━━━━━ DATASET ENTRIES ━━━━━
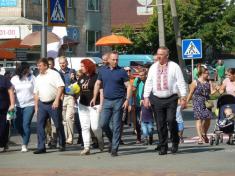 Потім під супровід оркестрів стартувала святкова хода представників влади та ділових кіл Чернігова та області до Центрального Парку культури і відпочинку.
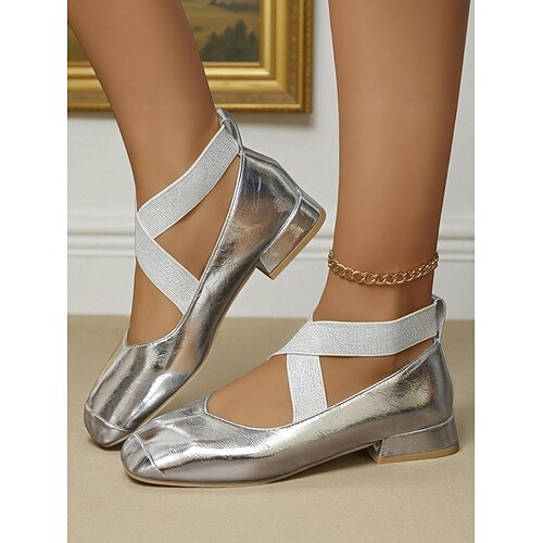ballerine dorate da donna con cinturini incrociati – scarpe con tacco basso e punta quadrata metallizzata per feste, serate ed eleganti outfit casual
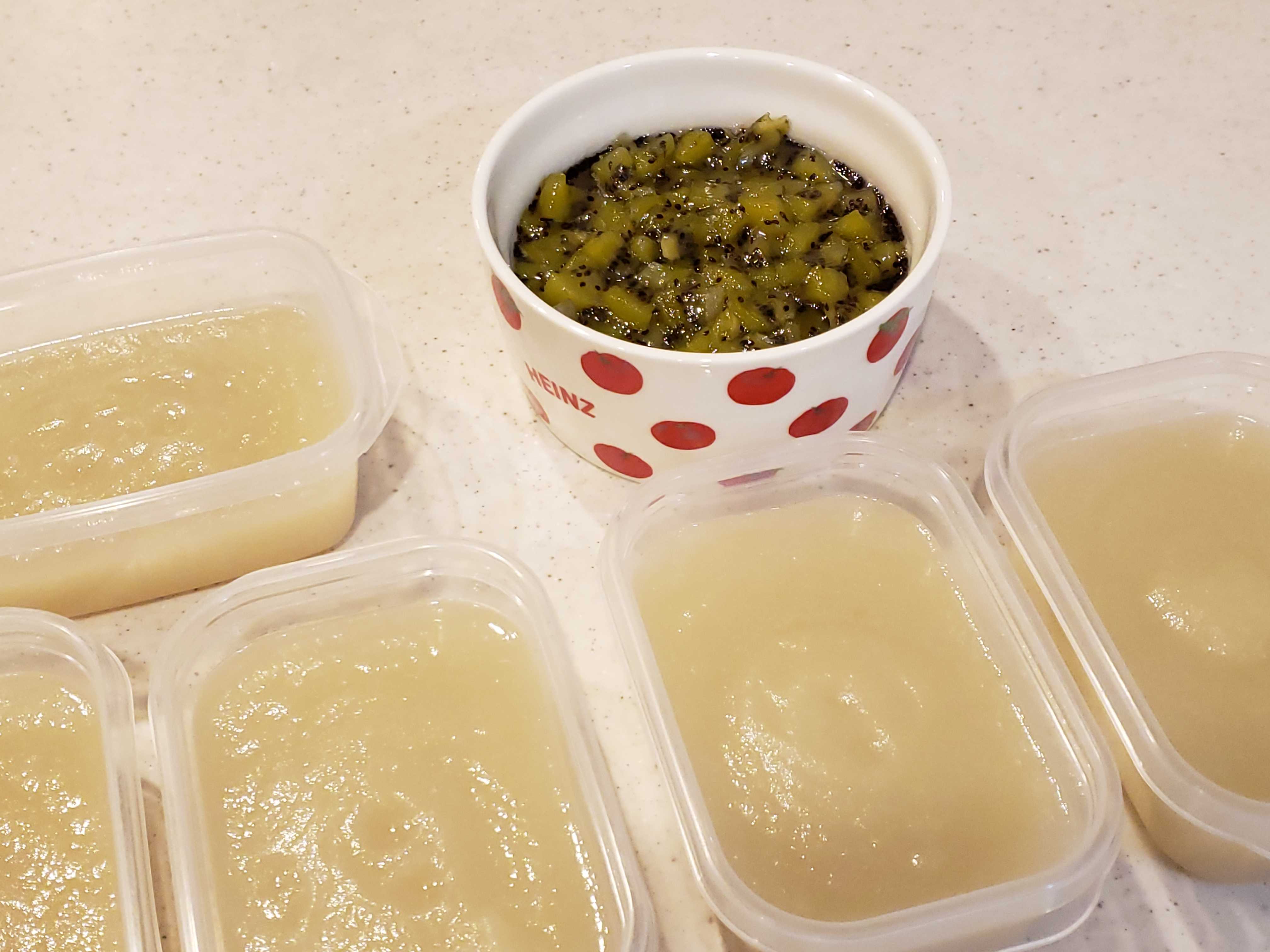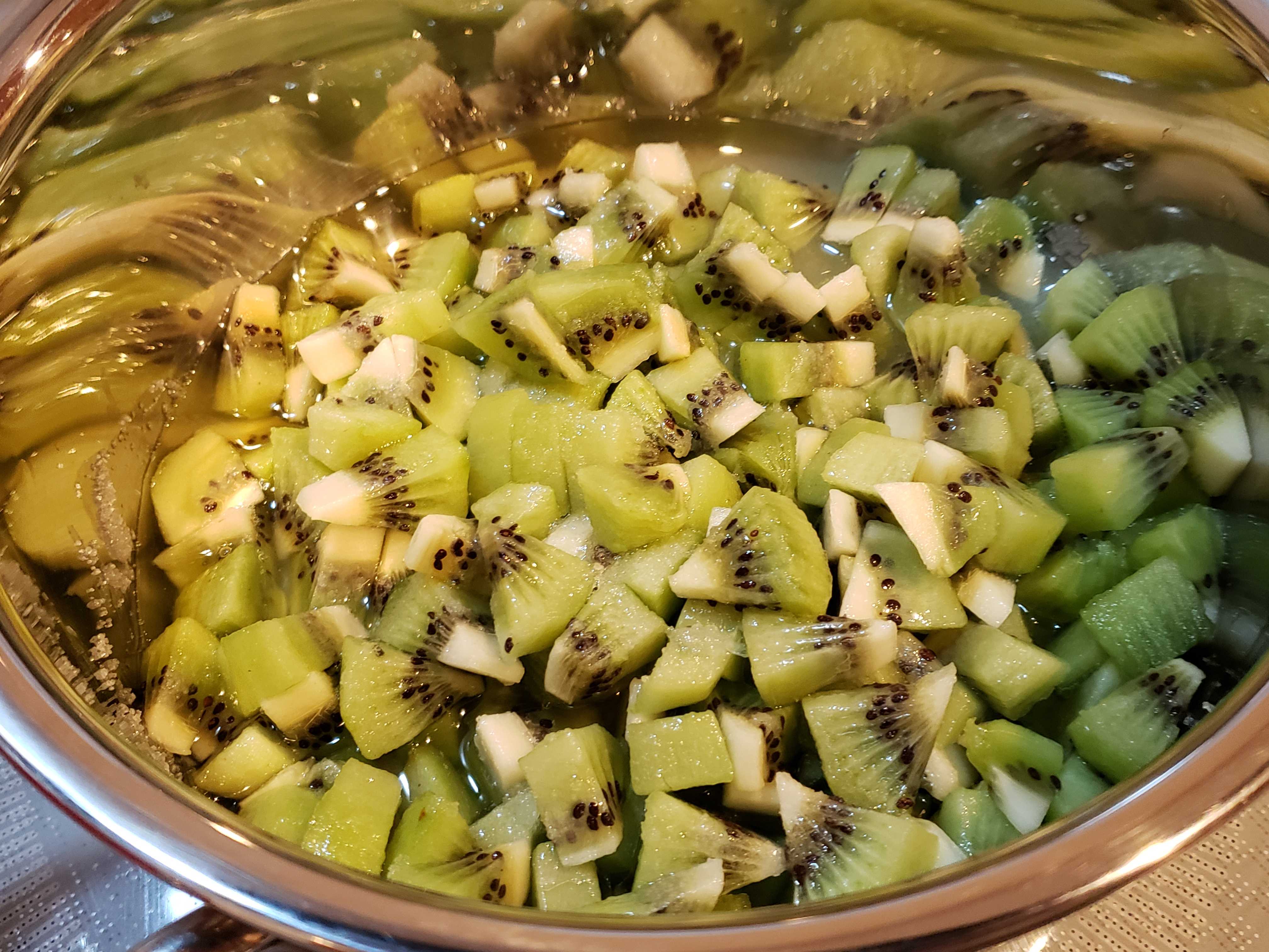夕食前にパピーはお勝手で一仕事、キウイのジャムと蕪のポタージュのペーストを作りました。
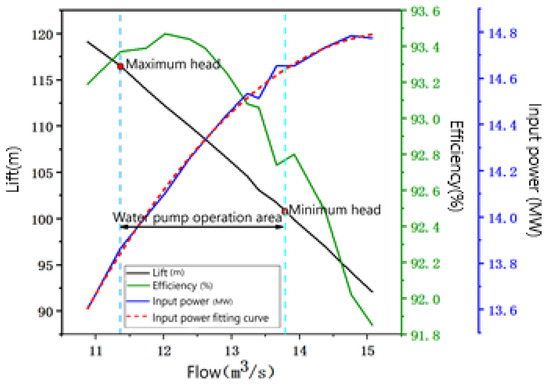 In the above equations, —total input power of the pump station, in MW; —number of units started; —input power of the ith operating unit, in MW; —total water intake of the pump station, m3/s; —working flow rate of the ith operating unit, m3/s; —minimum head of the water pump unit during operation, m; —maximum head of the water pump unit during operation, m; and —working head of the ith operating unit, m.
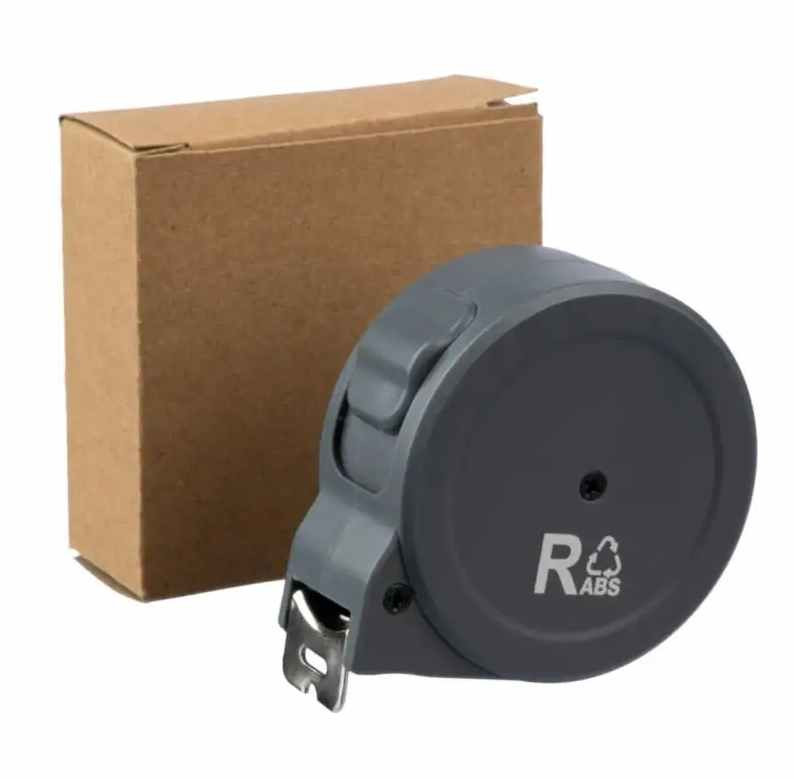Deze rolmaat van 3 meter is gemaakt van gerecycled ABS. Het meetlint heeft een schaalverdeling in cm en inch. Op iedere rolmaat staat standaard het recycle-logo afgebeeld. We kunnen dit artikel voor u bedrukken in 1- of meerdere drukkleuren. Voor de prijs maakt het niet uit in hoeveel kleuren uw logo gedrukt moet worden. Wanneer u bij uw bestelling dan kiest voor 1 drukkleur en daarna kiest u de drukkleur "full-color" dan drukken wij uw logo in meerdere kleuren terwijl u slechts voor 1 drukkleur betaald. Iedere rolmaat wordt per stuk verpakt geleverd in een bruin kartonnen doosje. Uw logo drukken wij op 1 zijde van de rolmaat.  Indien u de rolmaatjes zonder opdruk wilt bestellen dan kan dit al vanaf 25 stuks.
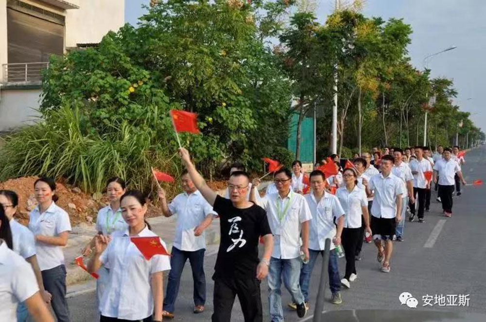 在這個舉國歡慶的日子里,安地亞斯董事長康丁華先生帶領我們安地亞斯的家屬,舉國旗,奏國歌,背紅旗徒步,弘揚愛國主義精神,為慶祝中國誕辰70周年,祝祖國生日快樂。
━━━━━
ASSIGNMENT:
Copy the records exactly; no image should appear in the result.

FINISHED EXERCISE:
 Потім під супровід оркестрів стартувала святкова хода представників влади та ділових кіл Чернігова та області до Центрального Парку культури і відпочинку.
ballerine dorate da donna con cinturini incrociati – scarpe con tacco basso e punta quadrata metallizzata per feste, serate ed eleganti outfit casual
夕食前にパピーはお勝手で一仕事、キウイのジャムと蕪のポタージュのペーストを作りました。
 In the above equations, —total input power of the pump station, in MW; —number of units started; —input power of the ith operating unit, in MW; —total water intake of the pump station, m3/s; —working flow rate of the ith operating unit, m3/s; —minimum head of the water pump unit during operation, m; —maximum head of the water pump unit during operation, m; and —working head of the ith operating unit, m.
Deze rolmaat van 3 meter is gemaakt van gerecycled ABS. Het meetlint heeft een schaalverdeling in cm en inch. Op iedere rolmaat staat standaard het recycle-logo afgebeeld. We kunnen dit artikel voor u bedrukken in 1- of meerdere drukkleuren. Voor de prijs maakt het niet uit in hoeveel kleuren uw logo gedrukt moet worden. Wanneer u bij uw bestelling dan kiest voor 1 drukkleur en daarna kiest u de drukkleur "full-color" dan drukken wij uw logo in meerdere kleuren terwijl u slechts voor 1 drukkleur betaald. Iedere rolmaat wordt per stuk verpakt geleverd in een bruin kartonnen doosje. Uw logo drukken wij op 1 zijde van de rolmaat.  Indien u de rolmaatjes zonder opdruk wilt bestellen dan kan dit al vanaf 25 stuks.
 在這個舉國歡慶的日子里,安地亞斯董事長康丁華先生帶領我們安地亞斯的家屬,舉國旗,奏國歌,背紅旗徒步,弘揚愛國主義精神,為慶祝中國誕辰70周年,祝祖國生日快樂。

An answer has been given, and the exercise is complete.